Григорий Терещенко - Горячее лето
Стрижов волновался. Сейчас откроется дверь — и в кабинет войдет не просто ершистый инженер, а его сын. Его плоть, продолжатель рода Стрижовых. Только почему он на фамилии матери? Может, Анастасия догадывалась, что отец живой и затея с утопленником — ложь. Поэтому на свою фамилию и записала. Может, еще и пособие как мать-одиночка получала?
Не отложить ли эту встречу? И сои плохой снился. О войне. Нет, нет, с испытанием «Сибиряка» медлить нельзя.
Он вспомнил атмосферу в министерстве, когда ему прямо сказали, что он не справляется. Теперь, правда, министр новый. И мнение о нем может измениться. На заводе-то он справлялся. Главным инженером назначили. Его бы и раньше назначили, но в министерстве кому-то не нравилось его назначение. Машина «Сибиряк» взбодрила его. Вот где мог себя показать. И он возглавил это дело, зачастую давая распоряжения, минуя главного конструктора.
«Главный конструктор Найдорф был в силе пятнадцать-двадцать лет назад, — размышлял Стрижов. — А сейчас он дряхлый старик и на него полагаться нельзя».

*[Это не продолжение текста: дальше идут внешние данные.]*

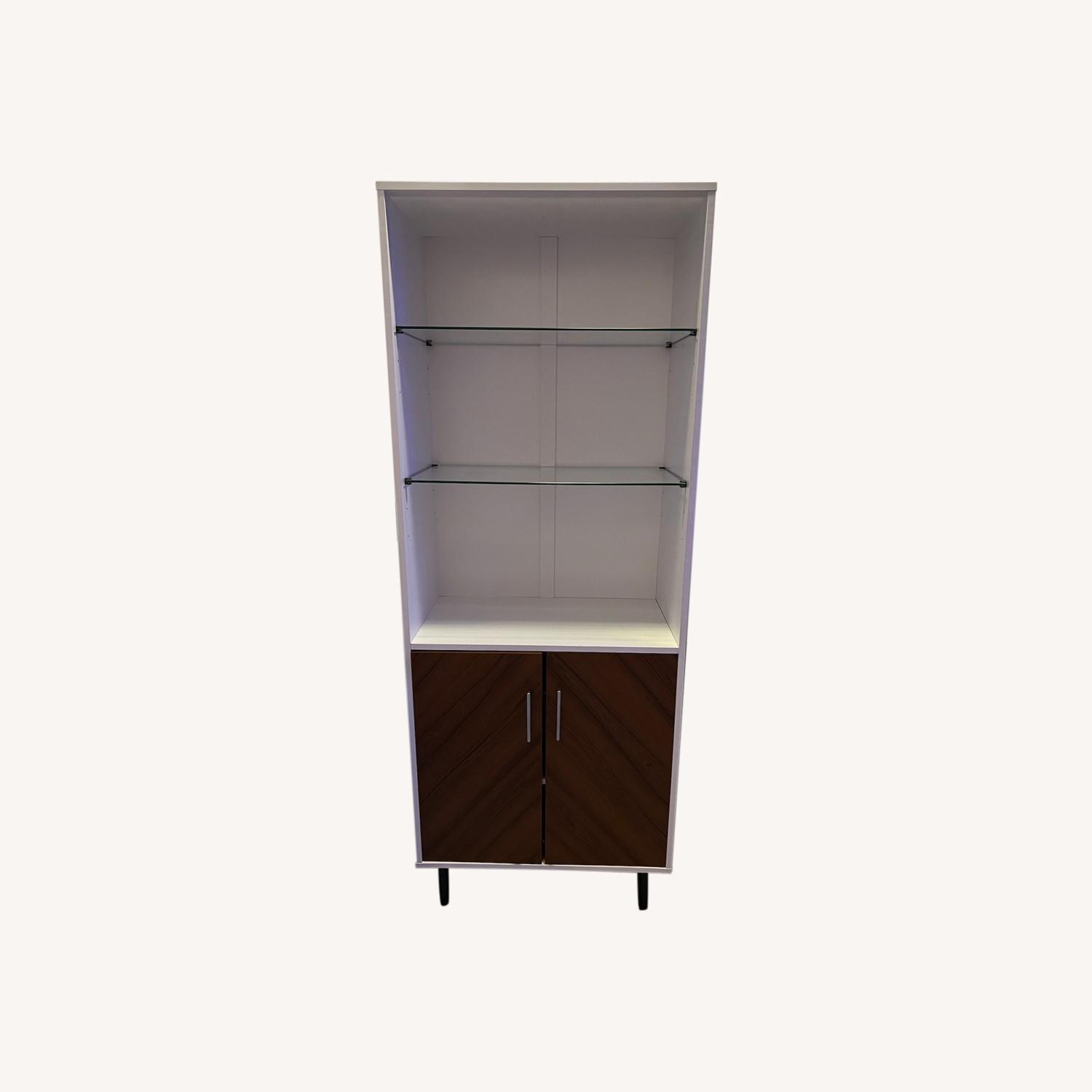Seller's Notes:Bookcase (1-year-old) with glass shelves and wooden doors at the bottom. Height = 68 inches Depth = 14 inches Width (side to side) = 26"

Об этом он только думал, но директору сказать не смел, они еще во время войны на одном заводе работали. Сюда Найдорфа и перетянул Привалов откуда-то с Урала. Однажды Привалов как бы мимоходом заявил: «Пока я директор, Найдорфа не трогать, пусть трудится человек».

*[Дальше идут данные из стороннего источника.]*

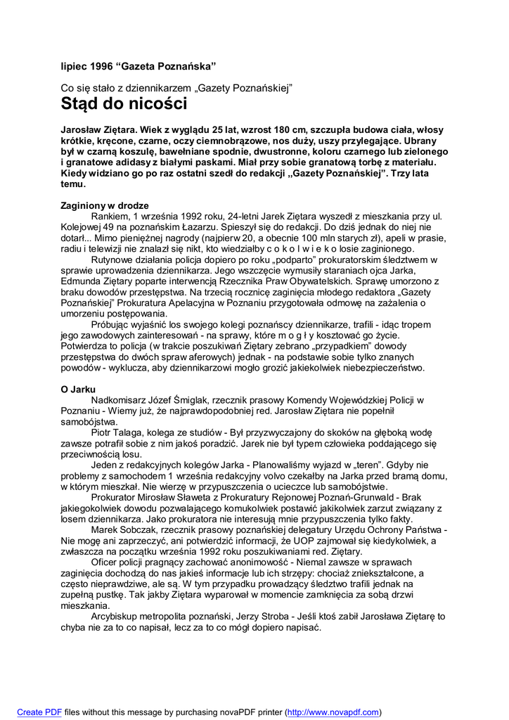 lipiec 1996 “Gazeta Poznańska” Co się stało z dziennikarzem „Gazety Poznańskiej” Stąd do nicości Jarosław Ziętara. Wiek z wyglądu 25 lat, wzrost 180 cm, szczupła budowa ciała, włosy krótkie, kręcone, czarne, oczy ciemnobrązowe, nos duży, uszy przylegające. Ubrany był w czarną koszulę, bawełniane spodnie, dwustronne, koloru czarnego lub zielonego i granatowe adidasy z białymi paskami. Miał przy sobie granatową torbę z materiału. Kiedy widziano go po raz ostatni szedł do redakcji ,,Gazety Poznańskiej”. Trzy lata temu. Zaginiony w drodze Rankiem, 1 września 1992 roku, 24-letni Jarek Ziętara wyszedł z mieszkania przy ul. Kolejowej 49 na poznańskim Łazarzu. Spieszył się do redakcji. Do dziś jednak do niej nie dotarł... Mimo pieniężnej nagrody (najpierw 20, a obecnie 100 mln starych zł), apeli w prasie, radiu i telewizji nie znalazł się nikt, kto wiedziałby c o k o l w i e k o losie zaginionego. Rutynowe działania policja dopiero po roku „podparto” prokuratorskim śledztwem w sprawie uprowadzenia dziennikarza. Jego wszczęcie wymusiły staraniach ojca Jarka, Edmunda Ziętary poparte interwencją Rzecznika Praw Obywatelskich. Sprawę umorzono z braku dowodów przestępstwa. Na trzecią rocznicę zaginięcia młodego redaktora „Gazety Poznańskiej” Prokuratura Apelacyjna w Poznaniu przygotowała odmowę na zażalenia o umorzeniu postępowania. Próbując wyjaśnić los swojego kolegi poznańscy dziennikarze, trafili - idąc tropem jego zawodowych zainteresowań - na sprawy, które m o g ł y kosztować go życie. Potwierdza to policja (w trakcie poszukiwań Ziętary zebrano „przypadkiem” dowody przestępstwa do dwóch spraw aferowych) jednak - na podstawie sobie tylko znanych powodów - wyklucza, aby dziennikarzowi mogło grozić jakiekolwiek niebezpieczeństwo. O Jarku Nadkomisarz Józef Śmiglak, rzecznik prasowy Komendy Wojewódzkiej Policji w Poznaniu - Wiemy już, że najprawdopodobniej red. Jarosław Ziętara nie popełnił samobójstwa. Piotr Talaga, kolega ze studiów - Był przyzwyczajony do skoków na głęboką wodę zawsze potrafił sobie z nim jakoś poradzić. Jarek nie był typem człowieka poddającego się przeciwnością losu. Jeden z redakcyjnych kolegów Jarka - Planowaliśmy wyjazd w „teren”. Gdyby nie problemy z samochodem 1 września redakcyjny volvo czekałby na Jarka przed bramą domu, w którym mieszkał. Nie wierzę w przypuszczenia o ucieczce lub samobójstwie. Prokurator Mirosław Sławeta z Prokuratury Rejonowej Poznań-Grunwald - Brak jakiegokolwiek dowodu pozwalającego komukolwiek postawić jakikolwiek zarzut związany z losem dziennikarza. Jako prokuratora nie interesują mnie przypuszczenia tylko fakty. Marek Sobczak, rzecznik prasowy poznańskiej delegatury Urzędu Ochrony Państwa Nie mogę ani zaprzeczyć, ani potwierdzić informacji, że UOP zajmował się kiedykolwiek, a zwłaszcza na początku września 1992 roku poszukiwaniami red. Ziętary. Oficer policji pragnący zachować anonimowość - Niemal zawsze w sprawach zaginięcia dochodzą do nas jakieś informacje lub ich strzępy: chociaż zniekształcone, a często nieprawdziwe, ale są. W tym przypadku prowadzący śledztwo trafili jednak na zupełną pustkę. Tak jakby Ziętara wyparował w momencie zamknięcia za sobą drzwi mieszkania. Arcybiskup metropolita poznański, Jerzy Stroba - Jeśli ktoś zabił Jarosława Ziętarę to chyba nie za to co napisał, lecz za to co mógł dopiero napisać. Create PDF files without this message by purchasing novaPDF printer (http://www.novapdf.com) Kwadratura zera 12 tomów akt operacyjnych. Ponad 300 przesłuchanych osób. Dziesiątki wyjazdów. Kilkanaście głównych wątków. Policjanci z grupy specjalnej powołanej po interwencji ojca zaginionego u ministra spraw wewnętrznych wykluczyli, jako nieprawdopodobne, wszystkie przedstawione przez media sugestie rozwiązania zagadki zniknięcia dziennikarza. Jak twierdzi komisarz Marek Młynarczak odpadły m. in. wątki aferowe (śremska baza TIR, powiązania polityków i biznesmenów), ucieczka w góry (Jarek był miłośnikiem gór) lub do sekty religijnej, wyjazdu za granicę (do znajomej w Londynie). Jego zwłok ani żadnego śladu po nich nie znaleziono w żadnym z kilkunastu miejsc wskazywanych przez różdżkarzy i jasnowidzów. Szef specjalnej grupy operacyjnej, nadkomisarz Roman Wechta nie ma wątpliwości, że jego ludzie robią wszystko co tylko jest możliwe. Czym szczególnym wyróżnia się według niego sprawa, którą prowadzi? - Ogromnym nakładem podjętych działań całkowicie niewspółmiernym do osiągniętego efektu, który równa się zeru. Zdaniem Wechty do wyjaśnienia pozostały jeszcze trzy wątki, o których nie może nic powiedzieć. Tak, może nie - Po raz ostatni widziałam go przez okno jak minął ulicę Calliera. Szedł prosto wspomina dziewczyna Jarka, Beata. Nie odwrócił się ani razu. Zostało mu jeszcze kilka minut. Mijał odświętnie ubrane dzieci spieszące, niektóre wraz z mamami, na rozpoczęcie roku szkolnego. Przeczuwał, że ten dzień również dla niego jest początkiem czegoś nowego. Może nawet wielkim początkiem. Bolało go bardziej niż zwykle. Próbował o tym nie myśleć, w końcu za zakrętem czekały go sprawy ważniejsze od głupiego kłucia w żołądku... Samochód już czekał. Stał po drugiej stronie ul. Gąsiorowskich. Przechodząc przez jezdnię zdziwił się, że w aucie siedziała nie jedna, lecz trzy osoby. Ktoś otworzył od wewnątrz tylne drzwi. Samochód ruszył jeszcze zanim zdążył je za sobą zatrzasnąć. Jechali prawie wcale nie rozmawiając. Nawet był z tego zadowolony. Miał jeszcze trochę czasu, żeby pomyśleć o rozmowie, do której od tak dawna się przygotowywał. Kiedy wyjechali z miasta samochód gwałtownie skręcił w prawo. Siła ciężkości popchnęła go na siedzącego obok niego mężczyznę. Mówiąc „przepraszam” odruchowo przechylił si

Тогда Стрижов прикинул: если Привалов собирается работать до семидесяти, то Найдорф вряд ли дотянет до девяноста.
— Алексей Иванович, — начал Стрижов, как только Коваленко появился на пороге кабинета. Трубка лежала на пепельнице и дымила. — Я прочитал ваш отчет по испытанию «Сибиряка». Нельзя так строго судить о ребенке, который только родился. Подрастёт, наберется силы.

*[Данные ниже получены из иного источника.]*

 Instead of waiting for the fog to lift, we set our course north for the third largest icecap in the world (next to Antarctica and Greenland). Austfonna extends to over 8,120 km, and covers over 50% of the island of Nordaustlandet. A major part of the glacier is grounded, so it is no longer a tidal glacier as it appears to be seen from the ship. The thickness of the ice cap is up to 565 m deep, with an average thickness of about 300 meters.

«Что это я машину с ребенком сравниваю?» — поймал себя на мысли Стрижов.
— Помните наш первый одиннадцатитонный самосвал? — продолжал главный инженер. — Хотя вы не помните. Меня тоже здесь еще не было. Шестнадцать лет назад его собрали, а до сегодняшнего дня усовершенствуется.
— Да он и сейчас не первоклассный, — пожал плечами Коваленко. — Слишком тяжелый наш самосвал. Одиннадцать тонн, а грузоподъемность едва, до двенадцати дотянули. И это за шестнадцать лет. Но речь идет о машине «Сибиряк» для Севера, Сибири.
— Согласен. Но в общем-то машина лучше.
— Будет хорошей. А пока не доведена до конца.
Стрижов взял трубку, и она заклокотала. Кабинет наполнился дымком крепчайшего сухумского табака.
— Машина для Севера — это труд целого коллектива. Труд не одного года…
Он зашагал с угла в угол.
— Пока такую машину выпускать нельзя. Большое количество недоделок.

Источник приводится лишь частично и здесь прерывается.